Sobre uma das crianças, seria ainda mais cruel: "Leopold é extremamente feio, comporta-se sempre mal e é muito desagradável, creio mesmo que está mais feio do que quando era pequeno".
"Muitas razões podem ajudar a compreender sua frieza em relação às crianças", conta a escritora. "Elas eram um impedimento à sua intimidade com Albert. E o fato de que as crianças não a divertiam ou interessavam teve um papel. Ela era muito ocupada, muito impaciente para ser uma boa mãe."
Aos poucos, o amado Albert, no início afastado dos negócios públicos, vivendo apenas como o marido de Vitória, passa, com sua inteligência e percepção das coisas, a ter papel fundamental no reinado. Como mostra o livro, ela até deixa alguns assuntos sob responsabilidade do príncipe.
A morte de Albert, em 1861, aos 42 anos, seria avassaladora para a rainha: "Oh! é muito terrível, muito pavoroso! E uma náusea, um frio glacial próximo do mais louco desespero que me invade". Transtornada, ela se afasta do trono, passando boa parte de seu tempo na Escócia.
Ainda cruel e egoísta, não suporta que seus filhos se mostrem felizes, mesmo que estejam se casando, nem que ousem parecer mais infelizes do que ela. Escreve ela à filha, contente por ir ao casamento do irmão: "Querida filha, teu êxtase diante de tudo isto me parece muito incompreensível! (...) Um dia que esperamos com tanta alegria durante longos anos e que agora é para mim pior do que um enterro!".
Mais tarde, causaria escândalo ao se tornar amiga do rude cavalariço John Brown -história relatada no filme "Sua Majestade, Mrs. Brown". Suspeitavam que fossem amantes.

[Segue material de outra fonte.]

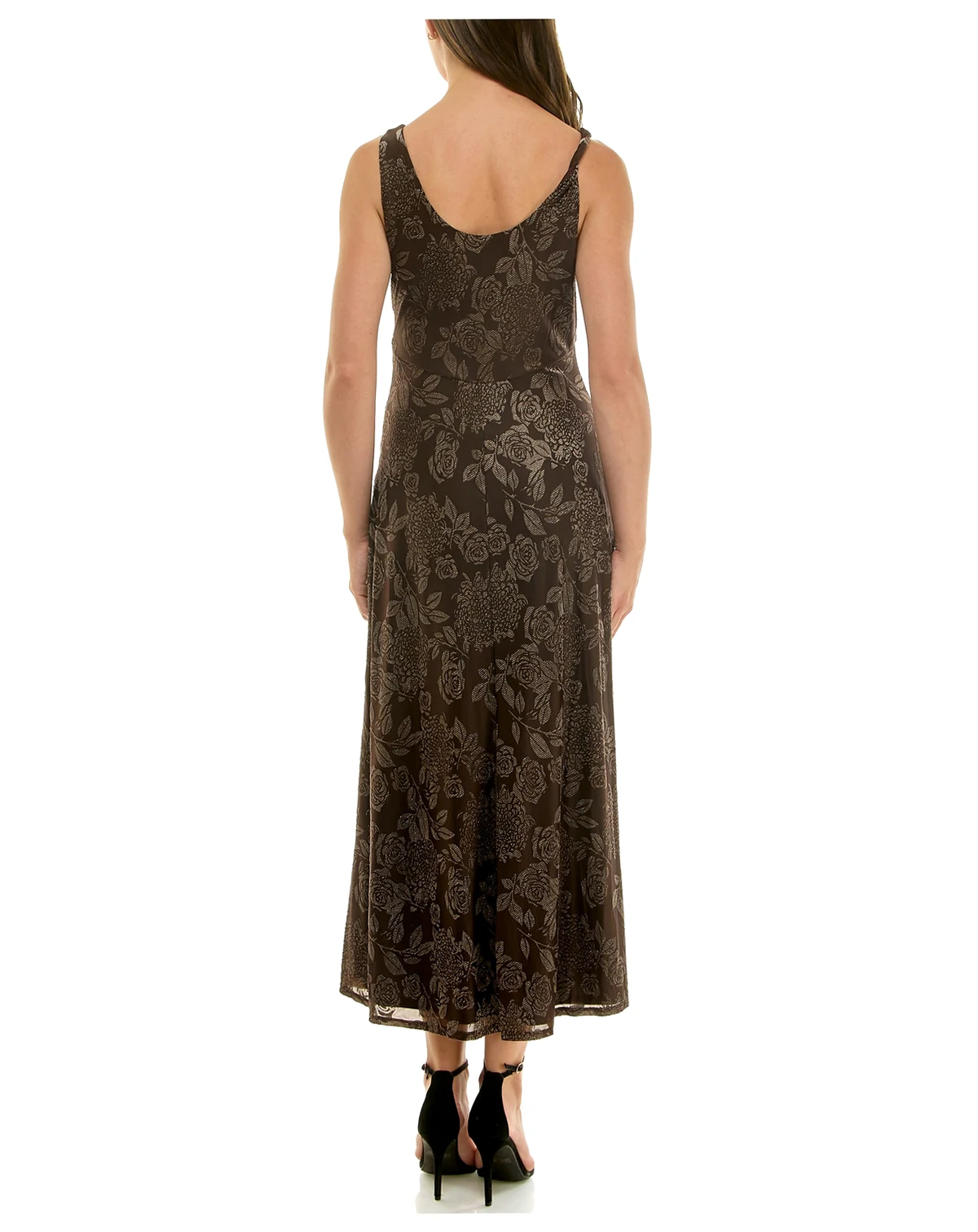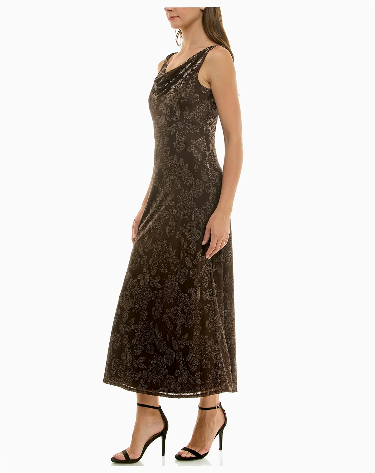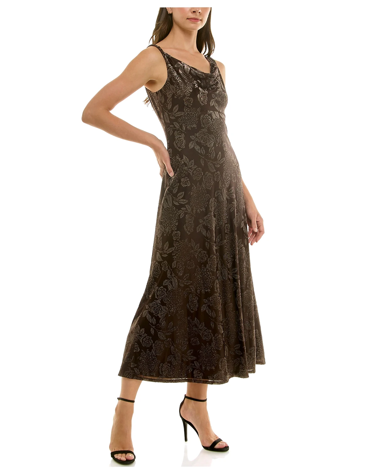 Flowing with an elegant midi length, this Taylor dress features a draped cowl neck and a sleek fit and flare silhouette. The sleeveless design and invisible side zipper offer a sophisticated look for special occasions.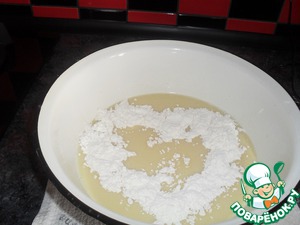 4) Когда размешали все ингредиенты, то добавляем постепенно муку с разрыхлителем и хорошо перемешиваем, чтобы не было комочков.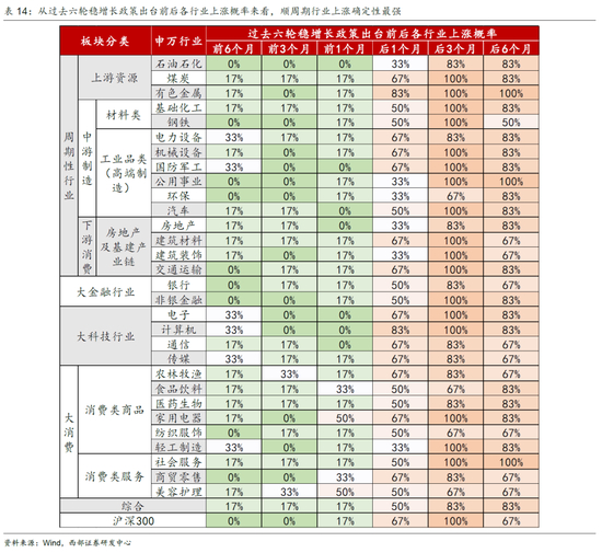 启示四:从上涨概率来看,地产链与必选消费上涨的确定性最强:统计过去六轮稳增长政策出台前后各行业上涨概率,可以发现政策出台后6个月内地产链与必选消费板块上涨概率普遍接近100%,上涨的确定性最强。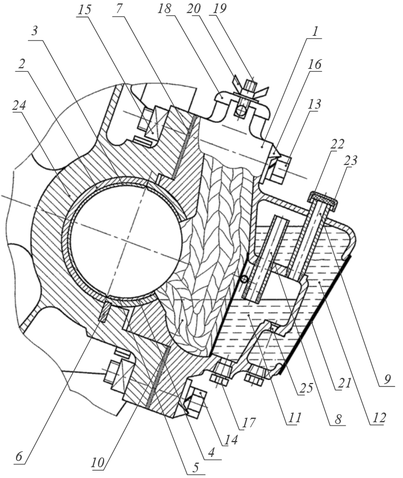 Рисунок 2.1 – Моторно-осевой подшипник электровоза 2(3)ЭС5К: 1 – букса; 2 – вкладыш; 3 – антифрикционный слой вкладыша; 4 – вкладыш с окном; 5 – антифрикционный слой вкладыша с окном; 6 – шпонка; 7 – прокладка; 8 – сообщающая трубка; 9 – заправочная трубка; 10 – подбивочная камера для кос (а); 11 – рабочая камера (б); 12 – запасная камера (в); 13 – болт верхний; 14 – болт нижний; 15 – гайка; 16 – планка фиксирующая; 17 – болт сливной; 18 – крышка; 19 – болт шарнирный; 20 – гайка; 21 – пластина; 22 – крышка; 23 – прокладка; 24 – остов; 25 – заправочное отверстие.

Anka Muhlstein acredita que isso não tenha acontecido: "Ela chocou suas crianças e seus empregados porque ria com Brown e se submetia a suas decisões sobre seus passeios e diversões. Havia algo bizarro na relação no sentido de que eles não eram amantes -estou convencida de que não- e ainda assim era um relacionamento físico. Ela gostava precisamente da força e rudeza de Brown".
Apesar de mostrar a força feminina ao reinar durante tanto tempo, a contraditória Vitória nunca defendeu os direitos da mulher. Ainda, mesmo tendo empregado um hindu na corte e defendido os pobres, a rainha pouco fez para melhorar a condição do povo. "Foi a duração de seu reinado que deu a Vitória a importância, não suas qualidades. Ela acabou por simbolizar a resistência e o poder ingleses", completa Muhlstein.
A avó da Europa -entre seus descendentes estavam a imperatriz da Rússia, o imperador da Alemanha e as rainhas da Grécia, da Noruega e da Romênia-, ao morrer, em 1901, deixava um reino sólido e potente. E um acervo precioso sobre as fraquezas e virtudes da rainha burguesa, na forma de cartas e diários, reveladas e analisadas na biografia de Muhlstein.

Livro: Vitória
Autora: Anka Muhlstein Lançamento: Companhia das Letras Quanto: R$ 25 (164 págs.)